Class BidiagonalDecompositionTall_FDRM

java.lang.Object
org.ejml.dense.row.decomposition.bidiagonal.BidiagonalDecompositionTall_FDRM
All Implemented Interfaces:
BidiagonalDecomposition<FMatrixRMaj>, BidiagonalDecomposition_F32<FMatrixRMaj>, DecompositionInterface<FMatrixRMaj>

@Generated("org.ejml.dense.row.decomposition.bidiagonal.BidiagonalDecompositionTall_DDRM")
public class BidiagonalDecompositionTall_FDRM
extends Object
implements BidiagonalDecomposition_F32<FMatrixRMaj>

BidiagonalDecomposition_F32 specifically designed for tall matrices. First step is to perform QR decomposition on the input matrix. Then R is decomposed using a bidiagonal decomposition. By performing the bidiagonal decomposition on the smaller matrix computations can be saved if m/n > 5/3 and if U is NOT needed.

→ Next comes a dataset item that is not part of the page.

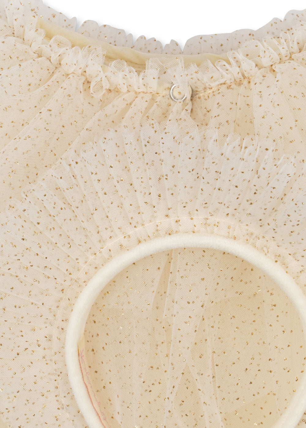 Kostuum met een lichte tule cape en decoratieve haarband. Geschikt vanaf 3j.
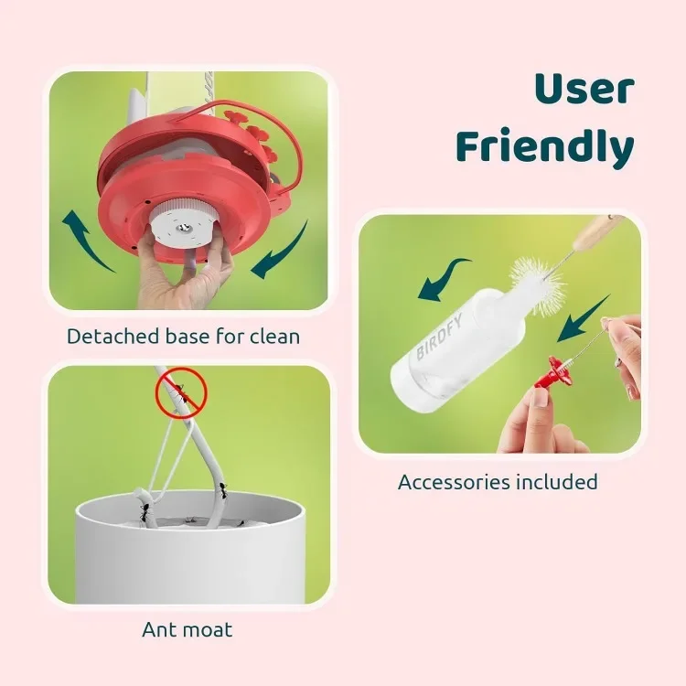 ăAnt Moat & Clean Easily & Eco-Responsibleă To keep ants away from the hummingbird feeder, we adopt a patent design to add water from the top to keep ants at bay. A 20 oz transparent reservoir can keep nectar fresh and avoid frequent refills. Effortlessly clean the entire setup with a detachable rotating base and a brush set. Without BPA anti-UV and corrosion-moat material, it is safe for hummingbirds and durable for outdoors.

A = [Q1 Q2][U1 0; 0 I] [B1;0] VT
U=[Q1*U1 Q2]
B=[B1;0]
A = U*B*VT

A QRP decomposition is used internally. That decomposition relies an a fixed threshold for selecting singular values and is known to be less stable than SVD. There is the potential for a degregation of stability by using BidiagonalDecompositionTall instead of BidiagonalDecomposition_F32. A few simple tests have shown that loss in stability to be insignificant.

See page 404 in "Fundamentals of Matrix Computations", 2nd by David S. Watkins.